*** Opening Provided information ***

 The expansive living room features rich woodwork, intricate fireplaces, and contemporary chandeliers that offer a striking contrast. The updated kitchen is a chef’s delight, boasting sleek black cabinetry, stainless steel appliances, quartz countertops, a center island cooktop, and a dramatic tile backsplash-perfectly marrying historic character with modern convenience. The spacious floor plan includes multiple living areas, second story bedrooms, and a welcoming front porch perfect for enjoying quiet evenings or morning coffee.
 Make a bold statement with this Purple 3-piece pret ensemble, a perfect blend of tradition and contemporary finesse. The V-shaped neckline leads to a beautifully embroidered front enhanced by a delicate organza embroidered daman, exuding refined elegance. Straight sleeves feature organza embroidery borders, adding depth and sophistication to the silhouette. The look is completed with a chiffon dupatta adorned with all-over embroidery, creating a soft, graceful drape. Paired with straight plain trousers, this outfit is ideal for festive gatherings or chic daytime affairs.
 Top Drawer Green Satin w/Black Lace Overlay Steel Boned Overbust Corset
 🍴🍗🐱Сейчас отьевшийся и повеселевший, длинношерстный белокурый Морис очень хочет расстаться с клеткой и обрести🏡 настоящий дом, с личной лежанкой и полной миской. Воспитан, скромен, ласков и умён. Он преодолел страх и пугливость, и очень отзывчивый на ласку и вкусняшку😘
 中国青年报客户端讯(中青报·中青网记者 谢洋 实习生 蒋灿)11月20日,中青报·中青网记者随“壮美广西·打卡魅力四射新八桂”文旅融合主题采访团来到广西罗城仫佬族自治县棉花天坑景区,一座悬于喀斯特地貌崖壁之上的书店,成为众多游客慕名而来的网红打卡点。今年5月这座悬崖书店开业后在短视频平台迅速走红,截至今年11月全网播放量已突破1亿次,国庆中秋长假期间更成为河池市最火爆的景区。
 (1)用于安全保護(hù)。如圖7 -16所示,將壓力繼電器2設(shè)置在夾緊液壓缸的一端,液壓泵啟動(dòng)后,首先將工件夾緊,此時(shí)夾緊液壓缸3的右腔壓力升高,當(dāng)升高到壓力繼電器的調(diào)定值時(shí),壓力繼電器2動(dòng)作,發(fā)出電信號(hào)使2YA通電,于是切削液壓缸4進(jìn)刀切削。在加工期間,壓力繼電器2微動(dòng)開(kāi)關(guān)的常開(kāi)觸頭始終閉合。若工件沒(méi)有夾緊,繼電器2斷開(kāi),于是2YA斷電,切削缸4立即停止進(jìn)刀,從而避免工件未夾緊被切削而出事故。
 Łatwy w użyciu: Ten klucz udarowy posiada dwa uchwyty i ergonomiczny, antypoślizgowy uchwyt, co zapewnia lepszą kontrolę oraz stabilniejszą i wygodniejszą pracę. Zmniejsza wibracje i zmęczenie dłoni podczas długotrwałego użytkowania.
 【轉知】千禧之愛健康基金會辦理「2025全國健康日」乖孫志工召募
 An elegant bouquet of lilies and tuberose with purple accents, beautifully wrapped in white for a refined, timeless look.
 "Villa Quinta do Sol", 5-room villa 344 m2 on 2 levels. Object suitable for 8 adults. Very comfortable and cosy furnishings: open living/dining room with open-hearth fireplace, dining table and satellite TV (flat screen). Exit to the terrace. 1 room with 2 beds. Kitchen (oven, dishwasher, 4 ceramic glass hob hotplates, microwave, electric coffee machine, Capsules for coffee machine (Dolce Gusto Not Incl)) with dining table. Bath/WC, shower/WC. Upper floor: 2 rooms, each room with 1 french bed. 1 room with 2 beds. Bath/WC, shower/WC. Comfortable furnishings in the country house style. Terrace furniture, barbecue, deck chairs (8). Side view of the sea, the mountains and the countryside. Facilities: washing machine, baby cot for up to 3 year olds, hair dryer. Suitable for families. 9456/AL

*** Closing Provided information ***

- [What to work on]: Please transcribe all of the data above exactly.

- [Answer section]:
 The expansive living room features rich woodwork, intricate fireplaces, and contemporary chandeliers that offer a striking contrast. The updated kitchen is a chef’s delight, boasting sleek black cabinetry, stainless steel appliances, quartz countertops, a center island cooktop, and a dramatic tile backsplash-perfectly marrying historic character with modern convenience. The spacious floor plan includes multiple living areas, second story bedrooms, and a welcoming front porch perfect for enjoying quiet evenings or morning coffee.
 Make a bold statement with this Purple 3-piece pret ensemble, a perfect blend of tradition and contemporary finesse. The V-shaped neckline leads to a beautifully embroidered front enhanced by a delicate organza embroidered daman, exuding refined elegance. Straight sleeves feature organza embroidery borders, adding depth and sophistication to the silhouette. The look is completed with a chiffon dupatta adorned with all-over embroidery, creating a soft, graceful drape. Paired with straight plain trousers, this outfit is ideal for festive gatherings or chic daytime affairs.
 Top Drawer Green Satin w/Black Lace Overlay Steel Boned Overbust Corset
 🍴🍗🐱Сейчас отьевшийся и повеселевший, длинношерстный белокурый Морис очень хочет расстаться с клеткой и обрести🏡 настоящий дом, с личной лежанкой и полной миской. Воспитан, скромен, ласков и умён. Он преодолел страх и пугливость, и очень отзывчивый на ласку и вкусняшку😘
 中国青年报客户端讯(中青报·中青网记者 谢洋 实习生 蒋灿)11月20日,中青报·中青网记者随“壮美广西·打卡魅力四射新八桂”文旅融合主题采访团来到广西罗城仫佬族自治县棉花天坑景区,一座悬于喀斯特地貌崖壁之上的书店,成为众多游客慕名而来的网红打卡点。今年5月这座悬崖书店开业后在短视频平台迅速走红,截至今年11月全网播放量已突破1亿次,国庆中秋长假期间更成为河池市最火爆的景区。
 (1)用于安全保護(hù)。如圖7 -16所示,將壓力繼電器2設(shè)置在夾緊液壓缸的一端,液壓泵啟動(dòng)后,首先將工件夾緊,此時(shí)夾緊液壓缸3的右腔壓力升高,當(dāng)升高到壓力繼電器的調(diào)定值時(shí),壓力繼電器2動(dòng)作,發(fā)出電信號(hào)使2YA通電,于是切削液壓缸4進(jìn)刀切削。在加工期間,壓力繼電器2微動(dòng)開(kāi)關(guān)的常開(kāi)觸頭始終閉合。若工件沒(méi)有夾緊,繼電器2斷開(kāi),于是2YA斷電,切削缸4立即停止進(jìn)刀,從而避免工件未夾緊被切削而出事故。
 Łatwy w użyciu: Ten klucz udarowy posiada dwa uchwyty i ergonomiczny, antypoślizgowy uchwyt, co zapewnia lepszą kontrolę oraz stabilniejszą i wygodniejszą pracę. Zmniejsza wibracje i zmęczenie dłoni podczas długotrwałego użytkowania.
 【轉知】千禧之愛健康基金會辦理「2025全國健康日」乖孫志工召募
 An elegant bouquet of lilies and tuberose with purple accents, beautifully wrapped in white for a refined, timeless look.
 "Villa Quinta do Sol", 5-room villa 344 m2 on 2 levels. Object suitable for 8 adults. Very comfortable and cosy furnishings: open living/dining room with open-hearth fireplace, dining table and satellite TV (flat screen). Exit to the terrace. 1 room with 2 beds. Kitchen (oven, dishwasher, 4 ceramic glass hob hotplates, microwave, electric coffee machine, Capsules for coffee machine (Dolce Gusto Not Incl)) with dining table. Bath/WC, shower/WC. Upper floor: 2 rooms, each room with 1 french bed. 1 room with 2 beds. Bath/WC, shower/WC. Comfortable furnishings in the country house style. Terrace furniture, barbecue, deck chairs (8). Side view of the sea, the mountains and the countryside. Facilities: washing machine, baby cot for up to 3 year olds, hair dryer. Suitable for families. 9456/AL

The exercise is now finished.